ABOUT THIS EXERCISE => Stop at the line containing "透過與屋主的逐步討論,以滿室": write out every line from the beginning of the entries up to and including it, minus the pictures.

= = = = =

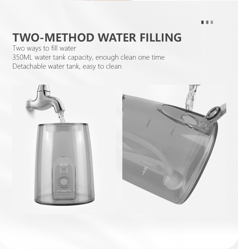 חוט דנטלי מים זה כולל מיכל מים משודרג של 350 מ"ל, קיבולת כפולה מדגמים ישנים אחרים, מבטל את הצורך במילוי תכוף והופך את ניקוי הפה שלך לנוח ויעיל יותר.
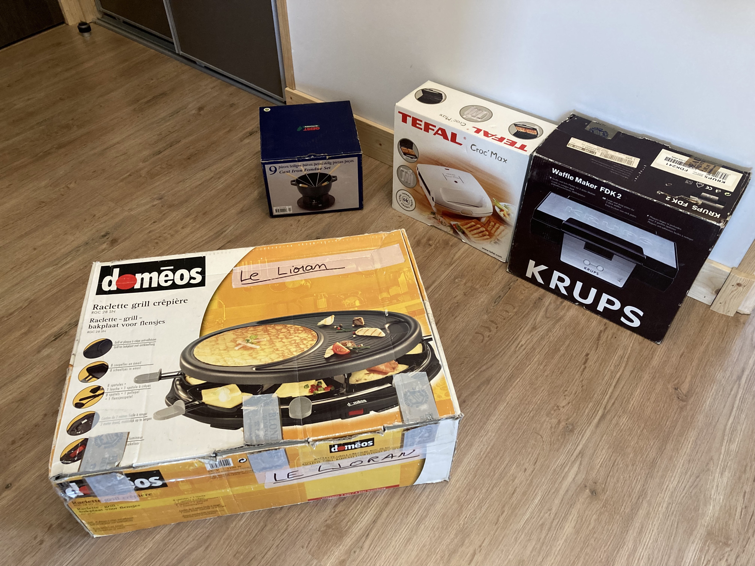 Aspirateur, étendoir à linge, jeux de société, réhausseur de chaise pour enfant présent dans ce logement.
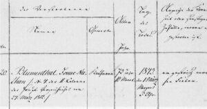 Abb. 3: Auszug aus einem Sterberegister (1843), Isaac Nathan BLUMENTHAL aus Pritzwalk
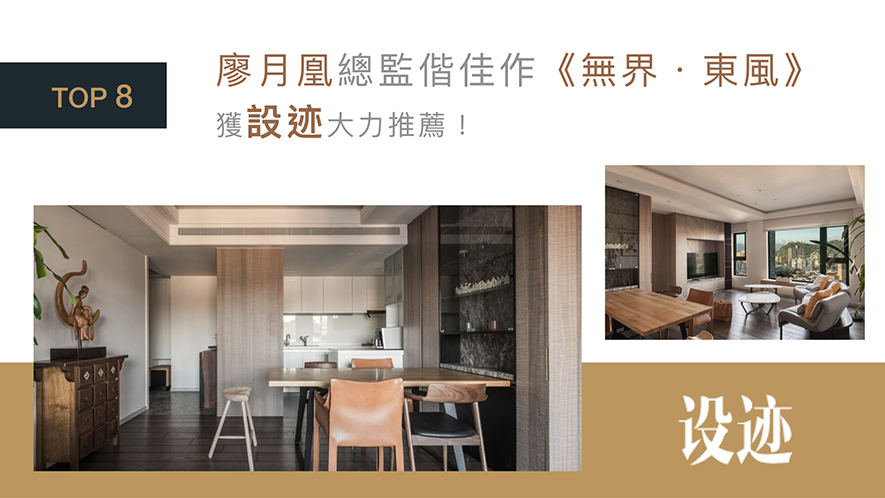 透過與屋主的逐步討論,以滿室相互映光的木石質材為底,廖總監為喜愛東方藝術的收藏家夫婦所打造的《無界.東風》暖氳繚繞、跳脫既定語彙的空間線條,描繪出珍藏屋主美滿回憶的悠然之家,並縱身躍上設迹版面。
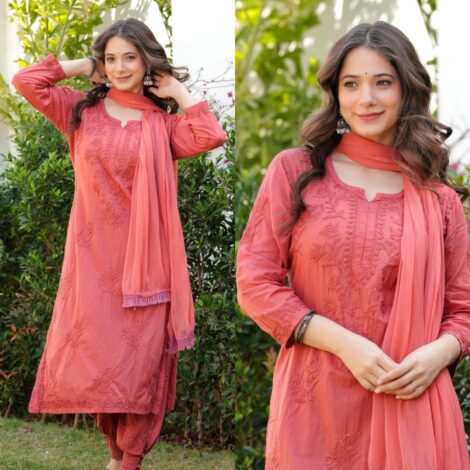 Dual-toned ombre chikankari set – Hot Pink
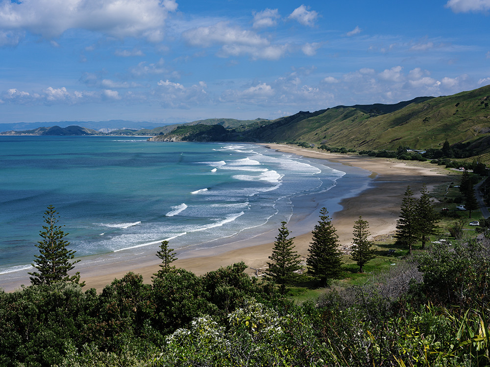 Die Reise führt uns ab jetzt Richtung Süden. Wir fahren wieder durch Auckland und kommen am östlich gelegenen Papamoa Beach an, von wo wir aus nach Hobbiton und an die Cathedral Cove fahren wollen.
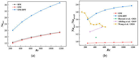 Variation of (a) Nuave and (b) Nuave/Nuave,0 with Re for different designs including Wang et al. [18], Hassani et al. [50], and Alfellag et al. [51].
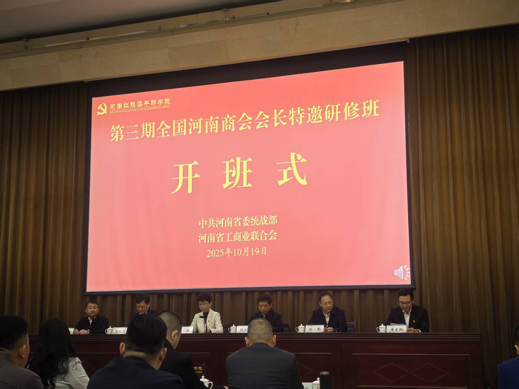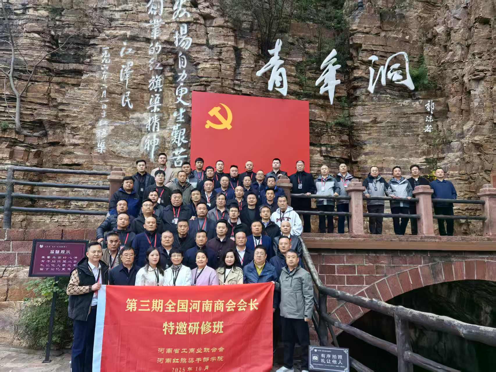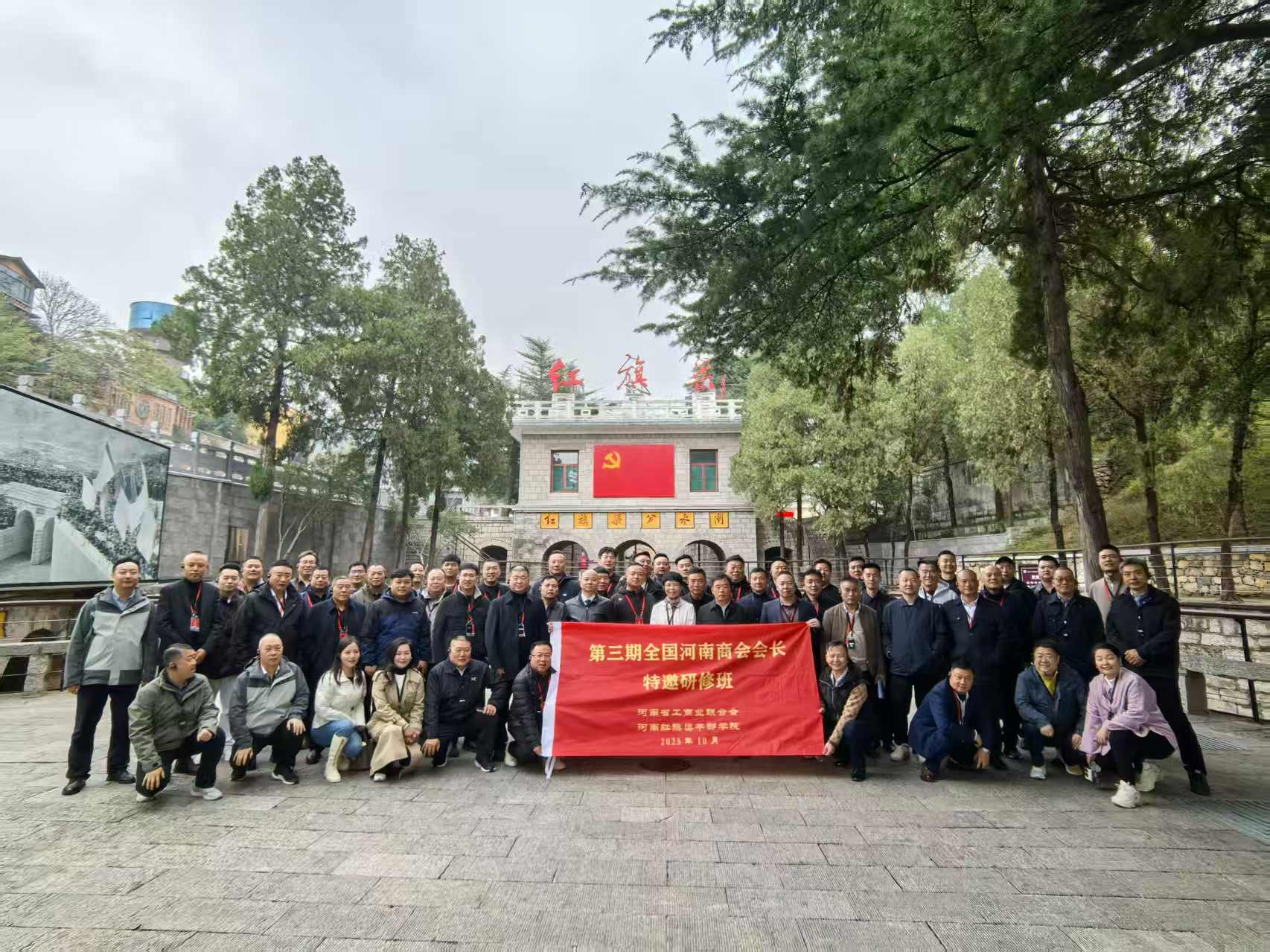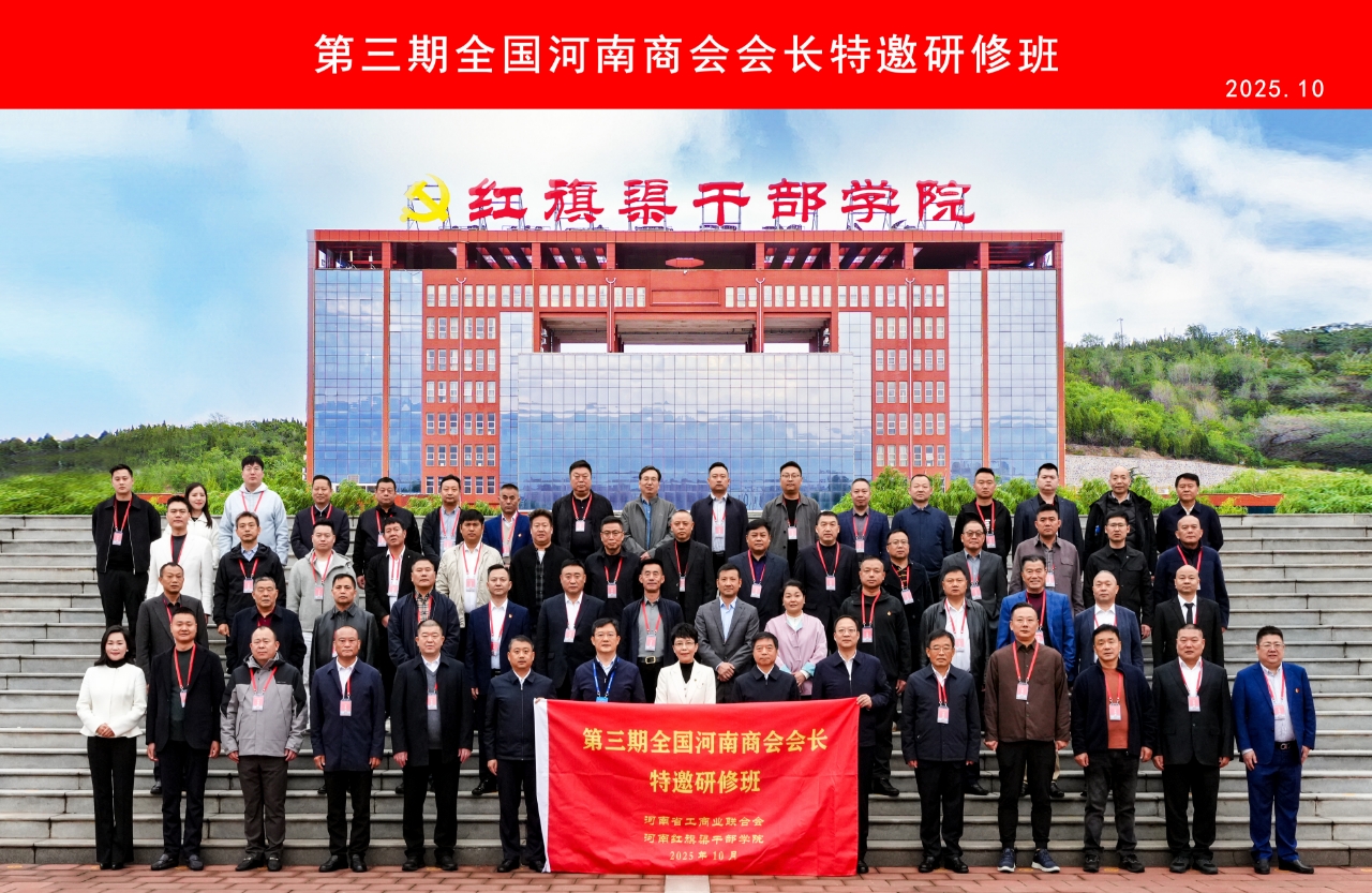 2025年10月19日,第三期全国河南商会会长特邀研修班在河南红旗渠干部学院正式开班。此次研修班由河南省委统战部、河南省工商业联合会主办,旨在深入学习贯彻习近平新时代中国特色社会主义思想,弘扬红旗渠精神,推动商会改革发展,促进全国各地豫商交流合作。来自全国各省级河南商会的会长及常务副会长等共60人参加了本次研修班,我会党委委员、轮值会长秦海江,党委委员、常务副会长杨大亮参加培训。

= = = = =

YOUR SOLUTION =>
 חוט דנטלי מים זה כולל מיכל מים משודרג של 350 מ"ל, קיבולת כפולה מדגמים ישנים אחרים, מבטל את הצורך במילוי תכוף והופך את ניקוי הפה שלך לנוח ויעיל יותר.
 Aspirateur, étendoir à linge, jeux de société, réhausseur de chaise pour enfant présent dans ce logement.
 Abb. 3: Auszug aus einem Sterberegister (1843), Isaac Nathan BLUMENTHAL aus Pritzwalk
 透過與屋主的逐步討論,以滿室相互映光的木石質材為底,廖總監為喜愛東方藝術的收藏家夫婦所打造的《無界.東風》暖氳繚繞、跳脫既定語彙的空間線條,描繪出珍藏屋主美滿回憶的悠然之家,並縱身躍上設迹版面。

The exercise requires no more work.